THE DATA:
——

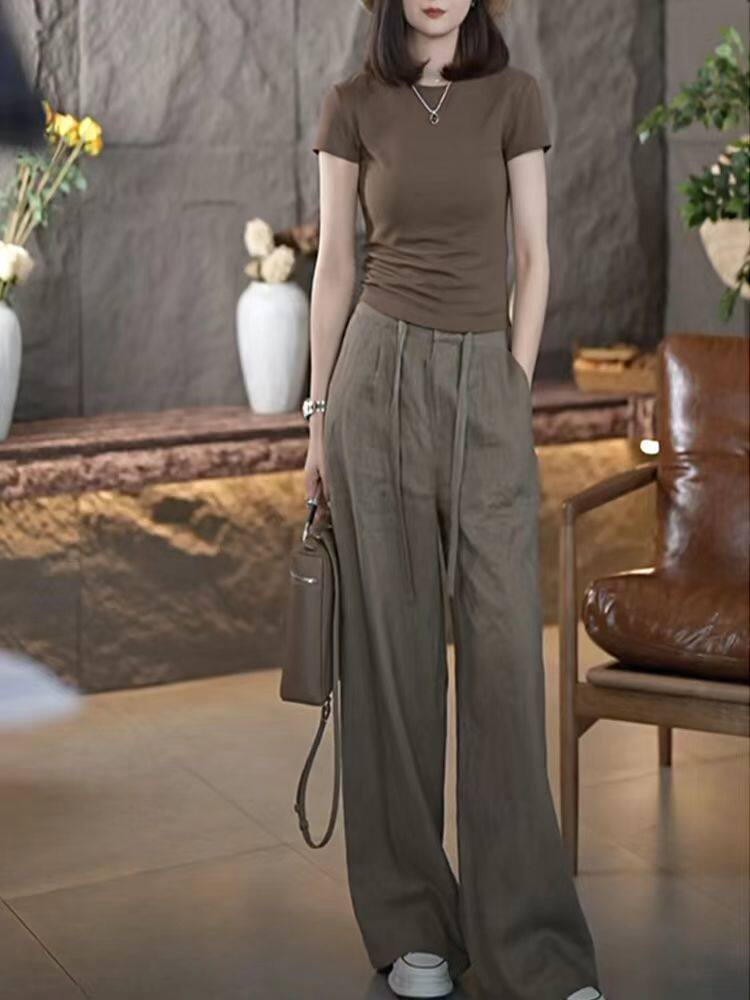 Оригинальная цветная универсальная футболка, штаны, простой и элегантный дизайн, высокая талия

——

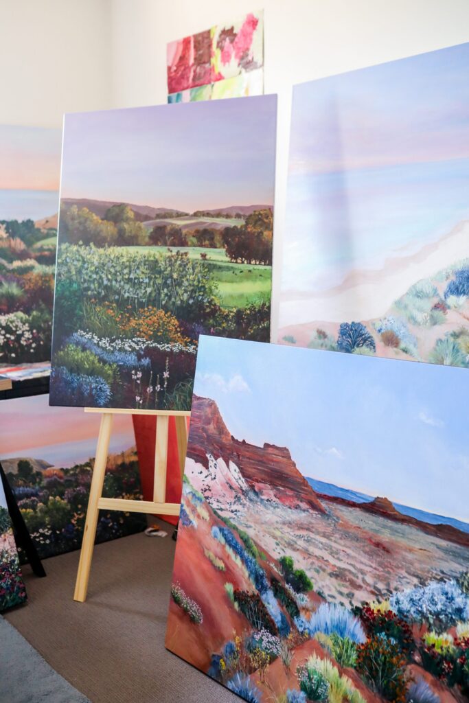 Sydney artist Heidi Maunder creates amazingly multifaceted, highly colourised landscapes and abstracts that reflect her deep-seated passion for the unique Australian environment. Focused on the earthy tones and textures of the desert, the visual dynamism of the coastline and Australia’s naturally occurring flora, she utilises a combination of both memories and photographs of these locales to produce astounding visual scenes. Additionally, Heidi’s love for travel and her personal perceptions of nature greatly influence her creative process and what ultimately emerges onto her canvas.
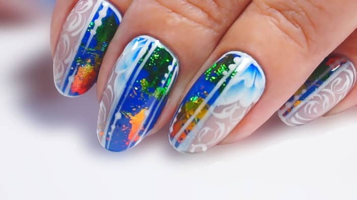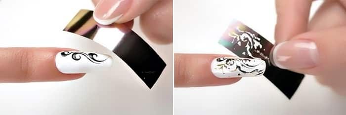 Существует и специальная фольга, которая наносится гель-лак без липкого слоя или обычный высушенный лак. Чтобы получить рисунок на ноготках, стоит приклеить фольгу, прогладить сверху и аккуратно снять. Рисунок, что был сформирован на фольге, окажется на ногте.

——

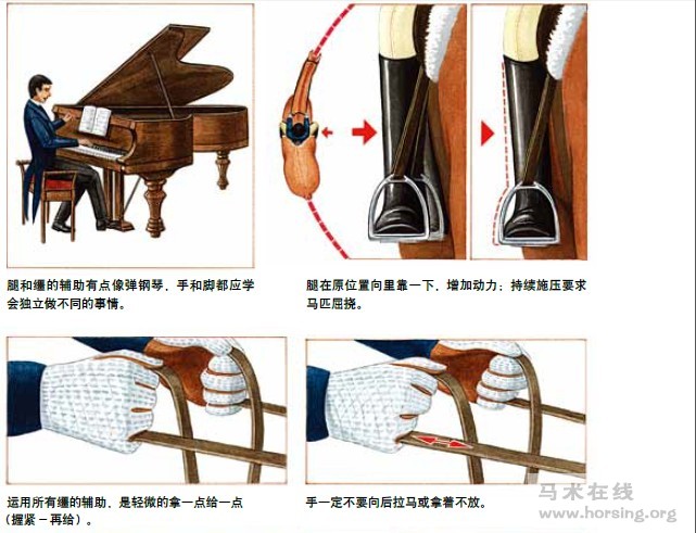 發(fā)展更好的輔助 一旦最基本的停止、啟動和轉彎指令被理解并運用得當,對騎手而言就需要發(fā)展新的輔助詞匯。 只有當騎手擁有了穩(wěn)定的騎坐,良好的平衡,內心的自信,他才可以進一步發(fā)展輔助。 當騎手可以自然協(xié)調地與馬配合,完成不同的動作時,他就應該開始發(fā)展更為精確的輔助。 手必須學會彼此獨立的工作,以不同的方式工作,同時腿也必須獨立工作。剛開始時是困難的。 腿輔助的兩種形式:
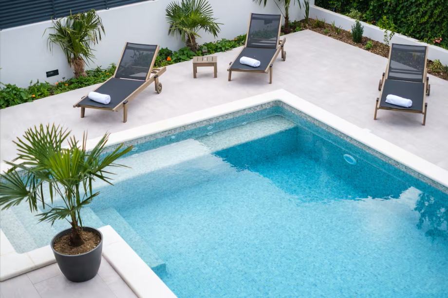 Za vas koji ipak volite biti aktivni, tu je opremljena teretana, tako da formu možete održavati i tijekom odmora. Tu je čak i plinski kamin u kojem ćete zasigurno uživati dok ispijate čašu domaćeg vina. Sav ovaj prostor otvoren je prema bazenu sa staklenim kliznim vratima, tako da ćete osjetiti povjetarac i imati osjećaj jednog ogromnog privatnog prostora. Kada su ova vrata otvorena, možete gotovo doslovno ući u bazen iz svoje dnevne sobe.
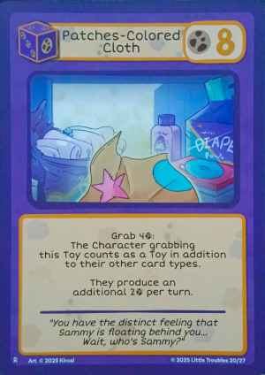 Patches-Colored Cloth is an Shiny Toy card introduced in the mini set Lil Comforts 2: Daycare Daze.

——

WHAT THIS TASK INVOLVES: Copy only this from above: the line containing "Sydney artist Heidi", the line containing "Существует и специальная", and all lines between, printed exactly. Leave out the pictures.

OUTPUT BELOW:
 Sydney artist Heidi Maunder creates amazingly multifaceted, highly colourised landscapes and abstracts that reflect her deep-seated passion for the unique Australian environment. Focused on the earthy tones and textures of the desert, the visual dynamism of the coastline and Australia’s naturally occurring flora, she utilises a combination of both memories and photographs of these locales to produce astounding visual scenes. Additionally, Heidi’s love for travel and her personal perceptions of nature greatly influence her creative process and what ultimately emerges onto her canvas.
 Существует и специальная фольга, которая наносится гель-лак без липкого слоя или обычный высушенный лак. Чтобы получить рисунок на ноготках, стоит приклеить фольгу, прогладить сверху и аккуратно снять. Рисунок, что был сформирован на фольге, окажется на ногте.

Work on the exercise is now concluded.